▸ **THE PROBLEM**: An exact copy is the goal: every line from the one containing "FJR 1300 | ||||" to the end of the material below, pictures excluded.

*** SOURCE DATA Section Begins ***

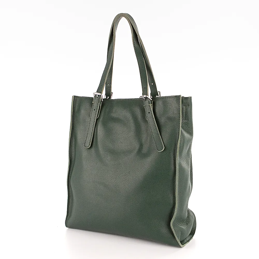 Сумка от торговой марки Poshete из натуральной кожи зеленого цвета. Модель с двумя регулируемыми ручками и съемным плечевым ремнем. Глубокое отделение на молнии. Внутри: без подкладки, накладной карман на молнии. Дно оснащено металлическими ножками для защиты от износа.
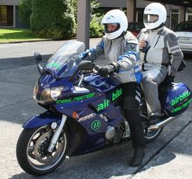 | Keywords: Airbike 8300.JPG en Airbike Ireland's first motorcycle passenger service The bikes are Yamaha FJR 1300A motorcycles; the same model used by police forces throughout Europe including the Garda Siochána Promotional photo from launch Cyril Moloney and Daniel Carley 2009-09-15 Photos are author's own and not published elsewhere Airbike Irish Motorcycle Passenger Service Motocab Yamaha FJR 1300 | ||||
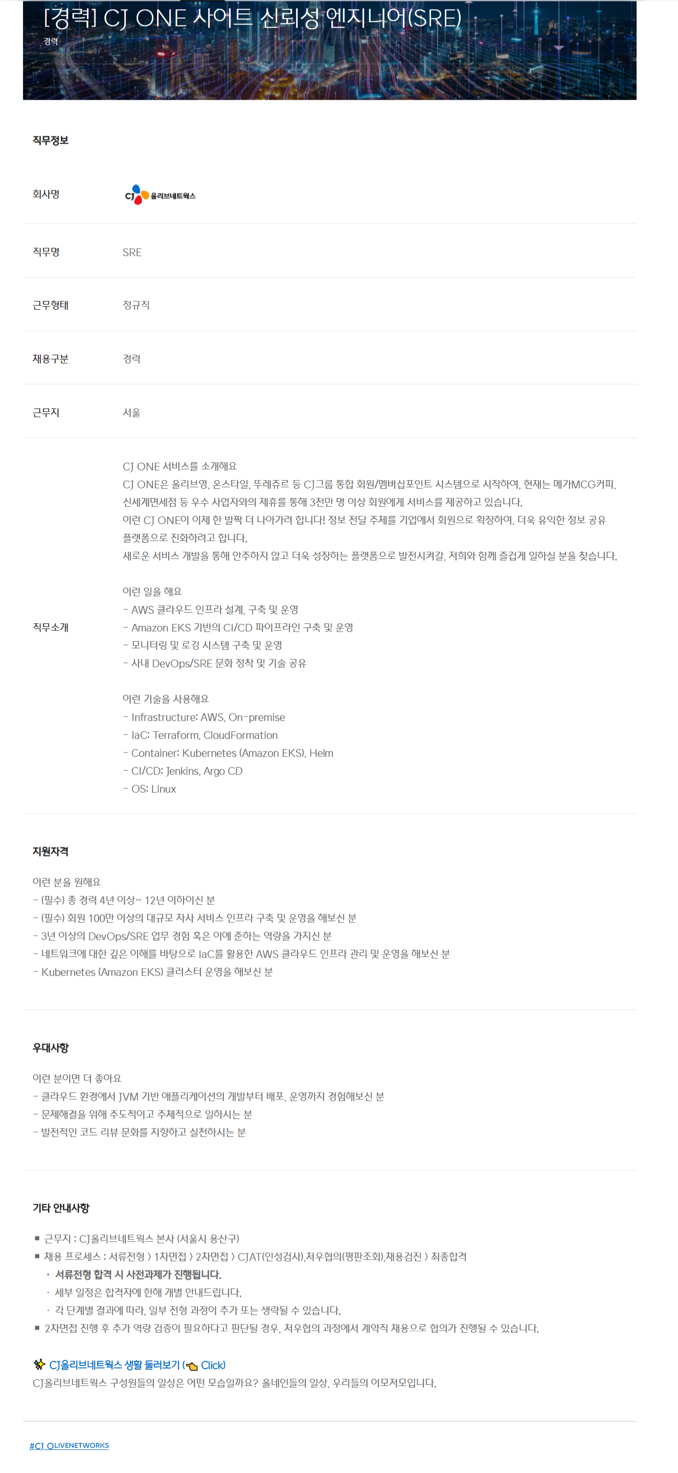 [°æ·Â] CJ ONE »çÀÌÆ® ½Å·Ú¼º ¿£Áö´Ï¾î(SRE)

*** SOURCE DATA Section Ends ***

▸ **ANSWER TO THE EXERCISE**:
 | Keywords: Airbike 8300.JPG en Airbike Ireland's first motorcycle passenger service The bikes are Yamaha FJR 1300A motorcycles; the same model used by police forces throughout Europe including the Garda Siochána Promotional photo from launch Cyril Moloney and Daniel Carley 2009-09-15 Photos are author's own and not published elsewhere Airbike Irish Motorcycle Passenger Service Motocab Yamaha FJR 1300 | ||||
 [°æ·Â] CJ ONE »çÀÌÆ® ½Å·Ú¼º ¿£Áö´Ï¾î(SRE)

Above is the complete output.